Another look at the interaction between mitochondrial cytochrome c and flavocytochrome b (2).

Yeast flavocytochrome b (2) tranfers reducing equivalents from lactate to oxygen via cytochrome c and cytochrome c oxidase. The enzyme catalytic cycle includes FMN reduction by lactate and reoxidation by intramolecular electron transfer to heme b (2). Each subunit of the soluble tetrameric enzyme consists of an N terminal b (5)-like heme-binding domain and a C terminal flavodehydrogenase. In the crystal structure, FMN and heme are face to face, and appear to be in a suitable orientation and at a suitable distance for exchanging electrons. But in one subunit out of two, the heme domain is disordered and invisible.
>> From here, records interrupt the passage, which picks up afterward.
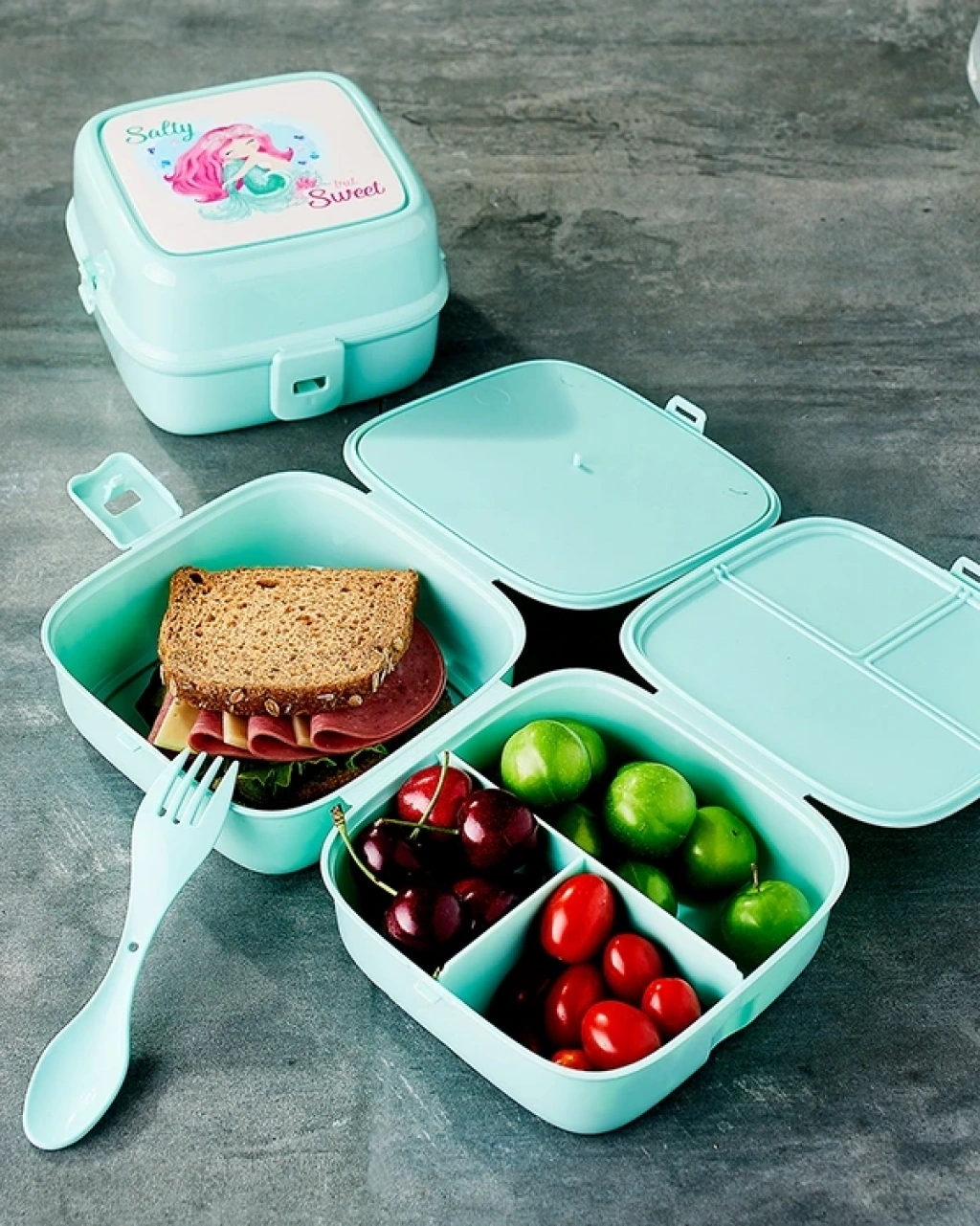 1 Adet 4 Bölmeli Çatal Bıçaklı Beslenme Kabı - Diyet Kabı
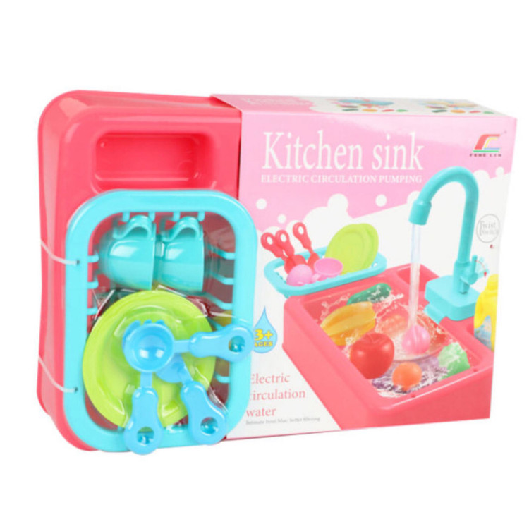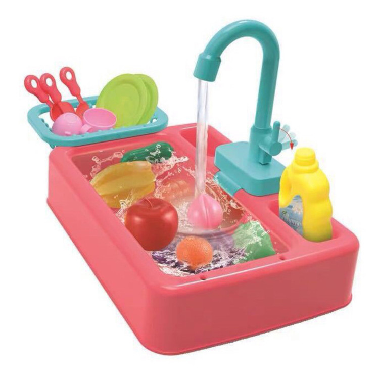 سینک ظرفشویی یک اسباب بازی مهیج و سرگرم کننده است که کودک با شستشوی ظروف و میوه ها حس خوبی را تجربه می کند. با ریختن آب داخل سینک و چرخاندن شیر آب، پمپ آب که توسط دو عدد باطری قلمی تغذیه می شود روشن شده و آب را از دهانه شیر آب سرازیر می کند و کودک می تواند با قرار دادن ظروف و میوهجات که داخل بسته بندی قرار دارد ، شروع به شستن آنها کند. این محصول یک هدیه جذاب و جدید برای کودکان شماست خرید این محصول را به شما پیشنهاد می کنیم
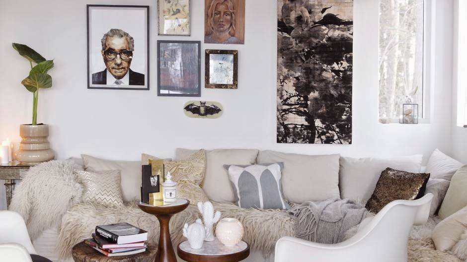 Persoonlijk hou ik niet van heel veel kleur in mijn huis. Ik hou wel van dessins, combineer een kleed met grijze strepen met een vaalgroen gekleurde kelim en ik gooi kussens met allemaal verschillende dessins in de mix. Daarom hou ik de kleuren rustig: zwart, bruin, wit, grijs en nu dus een beetje groen. Wie wat bewaart heeft wat, dus soms duik ik mijn kasten in en haal wat andere vazen of kandelaars tevoorschijn. Een kleurenprinter en slim zoeken op het internet zorgen voor de afwisseling op de muur.
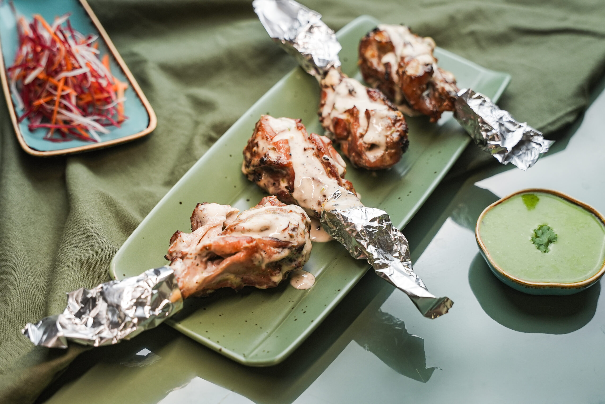 Spiced pieces of boneless chicken baked using skewers on a brazier called an angeethi after marinating in Indian spices and dahi.
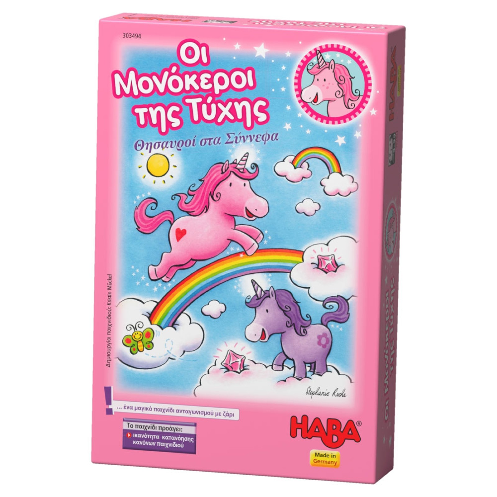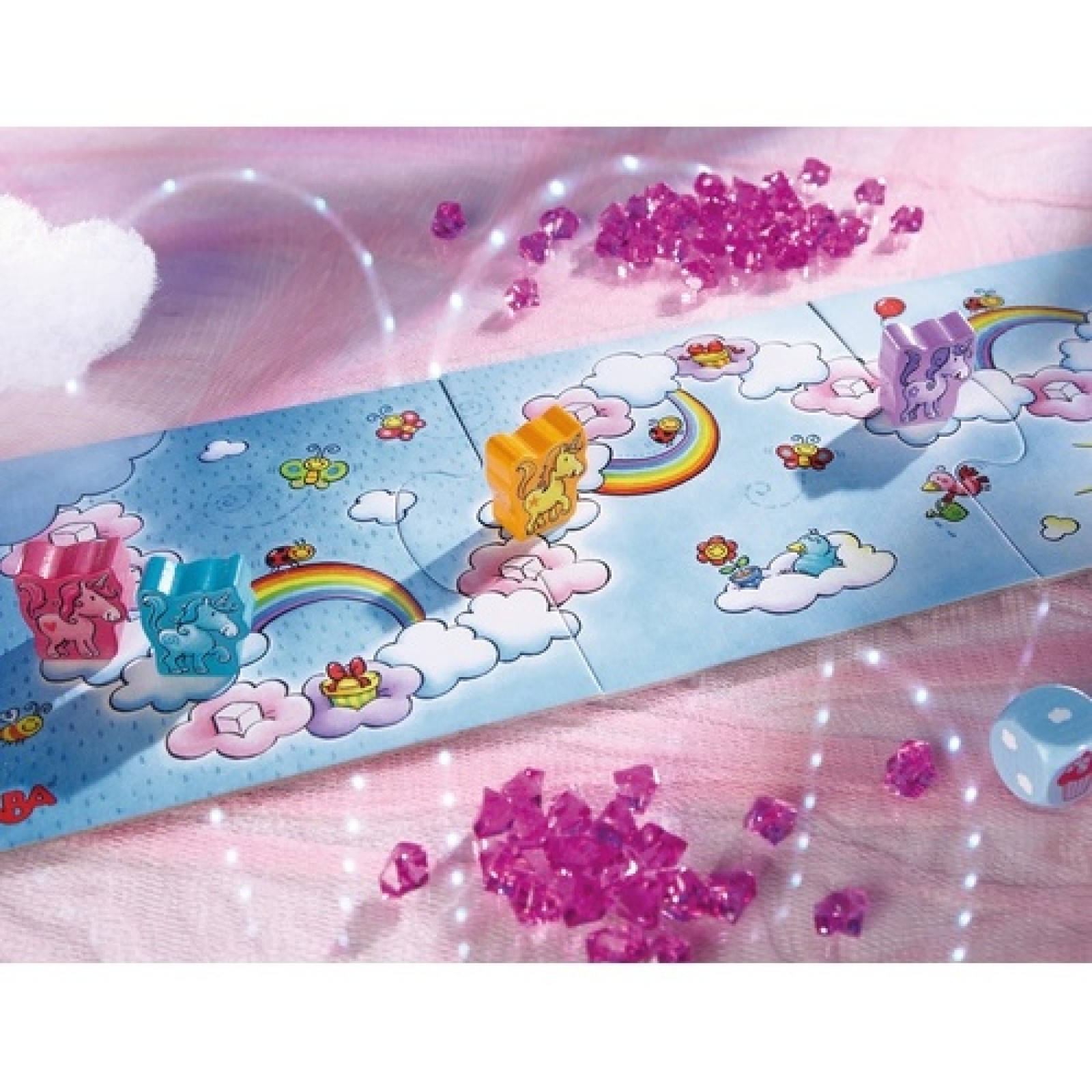 Playfully they gallop across the billowing clouds, slide down the colorful rainbow or play with the cloud crystals. Suddenly a terrible thunderstorm is brewing. On their journey to reach the sun as soon as possible, who will help the unicorns collect the most cloud crystals? Contents: 1 game board, 1 pink unicorn Glitterluck, 1 yellow unicorn Stardust, 1 purple unicorn Marvel Flower, 1 turquoise unicorn Magic Swirl, 60 cloud crystals, 1 pink die with crystal symbols, 1 blue die with cloud symbols, set of game instructions.

This raises a central question: is this mobility required for interaction with the physiological acceptor cytochrome c, which only receives electrons from the heme and not from the FMN? The present review summarizes the results of the variety of methods used over the years that shed light on the interactions between the flavin and heme domains and between the enzyme and cytochrome c. The conclusion is that one should consider the interaction between the flavin and heme domains as a transient one, and that the cytochrome c and the flavin domain docking areas on the heme b (2) domain must overlap at least in part. The heme domain mobility is an essential component of the flavocytochrome b (2) functioning. In this respect, the enzyme bears similarity to a variety of redox enzyme systems, in particular those in which a cytochrome b (5)-like domain is fused to proteins carrying other redox functions.